3 Replies Latest reply on Jul 18, 2010 2:53 AM by swd847

    Normal-scoped beans and constructors

    wujek
      Hi. I have the following application:


      public class Main {

          public static void main(String[] args) {
              new StartMain(null).go();
          }
      }


      class StartObserver {

          void printHello(@Observes ContainerInitialized event, SomeBean bean) {
              System.out.println("started!");
              bean.method();
          }
      }


      @ApplicationScoped
      class SomeBean {

          public SomeBean() {
              System.out.println(getClass().getName() + "() executing a very expensive operation");
          }

          public void method() {
              System.out.println(getClass().getName() + ".m()");
          }
      }


      When it executes (Weld-se) I get the following output:

      com.test.SomeBean_$$_javassist_2() executing a very expensive operation
      started!
      com.test.SomeBean() executing a very expensive operation
      com.test.SomeBean.m()

      As you can see, the proxy generated for the bean calls the superclass's constructor. It may happen that the constructor does something that has to be done only once, in which case the whole application fails (like some write to the database that fails with an exception when such entry already exists).
      Agreed, according to most (if not all) DI gurus no work should be done in the constructor, but what if? It is not a law, and this apparently would not work for Weld and its proxies.
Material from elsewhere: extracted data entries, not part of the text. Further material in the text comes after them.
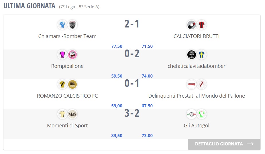 Nelle altre partite, Chiamarsi Bomber grazie al tridente Orsolini-Mertens-Lautaro vince 2-1 contro Calciatori Brutti, e grazie a questi 3 punti abbandonano l'ultimo posto in classifica, salgono a quota 4 punti, e lasciano l'ultima piazza e il cucchiaio di legno a Romanzo Calcistico, che nonostante il +4 di Berardi perdono ancora (0-1) contro Delinquenti Prestati al Mondo del Pallone, forti del solo +3 di Correa. Per loro, 4° posto ex aequo con Momenti Di Sport.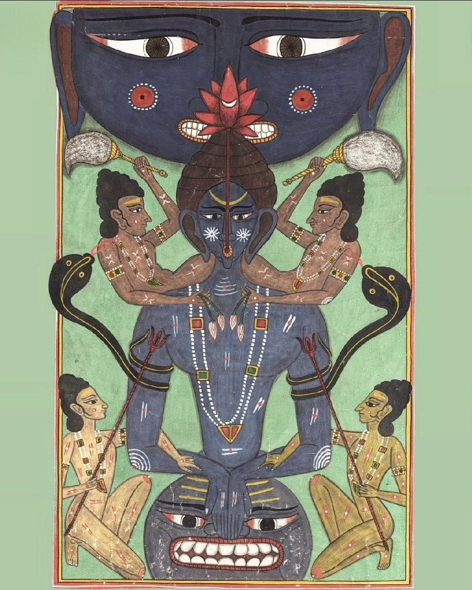 Это редкое тантрическое изображение пробуждения и восхождения Кундалини-Шакти 🐍, изначальной энергии, которая, как полагают, находится у основания позвоночника. Здесь показано путешествие Кундалини, когда она поднимается через чакры, достигая кульминации в слиянии с космическим сознанием 🌌, символизируемым Махакалой — вневременным аспектом Шивы 🕉️. Постепенно нижняя часть тела, представляющая Муладхара-чакру (корневую чакру) 🌱, трансформируется в яростный образ Махакалы, олицетворяющий грубую силу созидания и разрушения 💥, заключенную в корневой энергии. Это изображение подчеркивает центральное убеждение Тантры в том, что человек (микрокосм) 🌍 отражает космос (макрокосм) ✨, и говорит о том, что энергии внутри человеческого тела являются отражением вселенских сил 🌠. Кундалини продвигается через Вишуддху в горле 🔵 и Аджну, обозначенную желтым полумесяцем 🌙. Наконец, она достигает Сахасрара-чакры, которую символизирует сияющий красный лотос 🌺. Этот лотос превращается в круглое л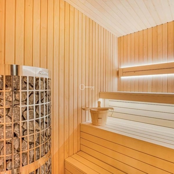 Piwnica to luksusowe sanktuarium wyposażone w saunę fińską, siłownię, dużą dodatkową sypialnię, pomieszczenie do przechowywania, kino domowe, toaletę dla gości, strefę telewizyjną i unikalnie zaprojektowany bar. Meble i dywany dostarczane przez prestiżowe włoskie marki, takie jak „Bonaldo”, „Ditre” i „Talenti”, podkreślają elegancję i komfort willi.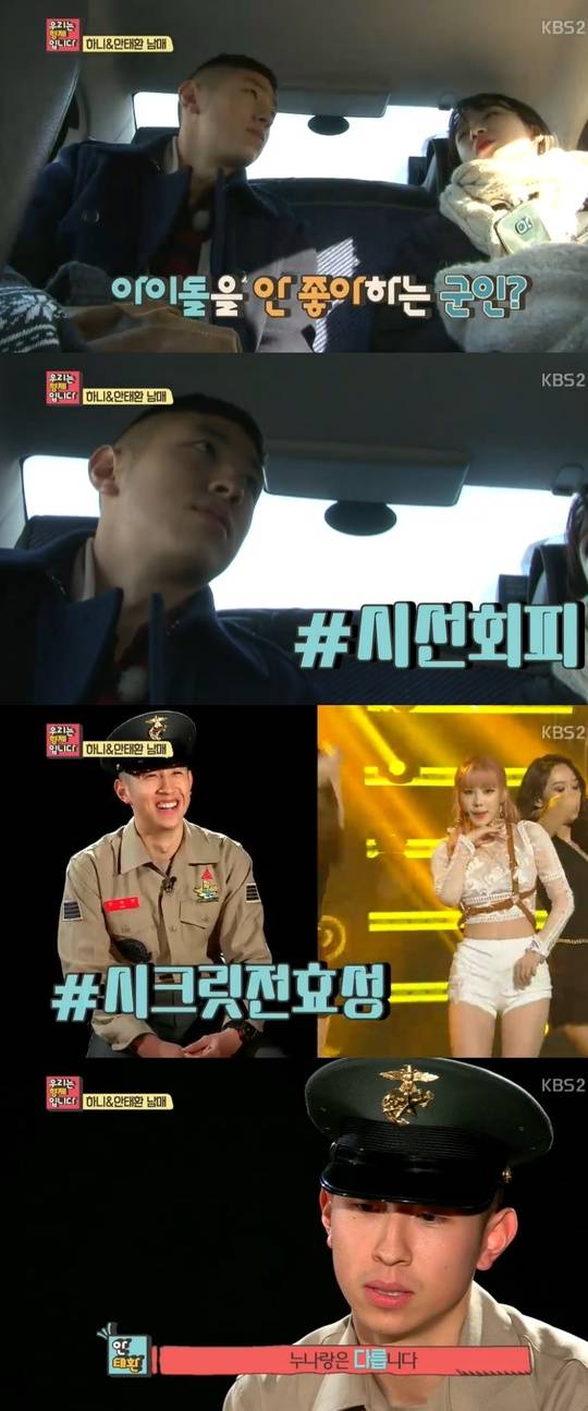 하니 동생은 제작진과 인터뷰에서 "아무래도 군인이니까. 난 개인적으로 시크릿 전효성 씨를 좋아한다. 누나랑은 다르다. 누나는.. 좀 다르다"라고 강조해 보는 이들을 폭소케 했다. (사진= KBS 2TV '우리는 형제입니다' 캡처)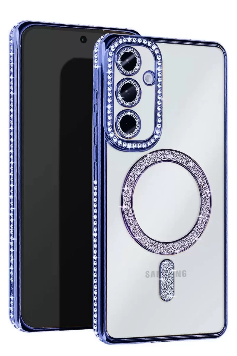 Newface Samsung Galaxy S25 Kılıf Joke Simli Magneticsafe Kılıf – Mavi

Is it the desired behavior? Or am I doing things wrong?

      Wuj
        • 1. Re: Normal-scoped beans and constructors
          wujek

          Does this mean nobody can answer this doubt?

          • 2. Re: Normal-scoped beans and constructors
            andygibson.contact.andygibson.net

            It seems strange that the constructor would be called twice (in anything). Try printing out the toString() in the constructor to see if the two instances are the same. These aren't singletons, so it is possible that there could be multiple instances.


            The problem is that with a managed bean environment, bean construction is as much out of your hands as memory allocation is in a memory managed environment like java.


            Cheers,


            Andy Gibson

            • 3. Re: Normal-scoped beans and constructors
              swd847

              This is a JVM level restriction, however JVM's usually have a platform specific way of creating a bean without using the constructor. To enable this in weld put an empty file in


              META-INF/org.jboss.weld.enableUnsafeProxies
              



              and the constructor will not get called. You may need a more up to date version of weld though, as I am not sure when this was added.